[What is needed]
From the line that contains "O PAISAGISMO também" through the last line of the data, copy everything exactly and nothing else, omitting the pictures.

[Dataset extract]
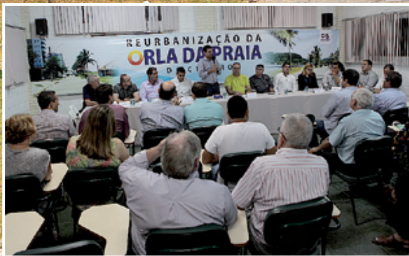
A assinatura da ordem de serviço da obra aconteceu na sede da ACAI, na noite da última sexta-feira (17)

O PAISAGISMO também terá uma transformação positiva com o plantio de 50 espécies conhecidas como Algodoeiro da Praia ( Hibiscus tiliaceus ), um tipo de árvore própria para esse local.
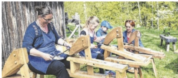
Die Besucher können alte Handwerkstechniken kennenlernen.

[Problem solution]
O PAISAGISMO também terá uma transformação positiva com o plantio de 50 espécies conhecidas como Algodoeiro da Praia ( Hibiscus tiliaceus ), um tipo de árvore própria para esse local.
Die Besucher können alte Handwerkstechniken kennenlernen.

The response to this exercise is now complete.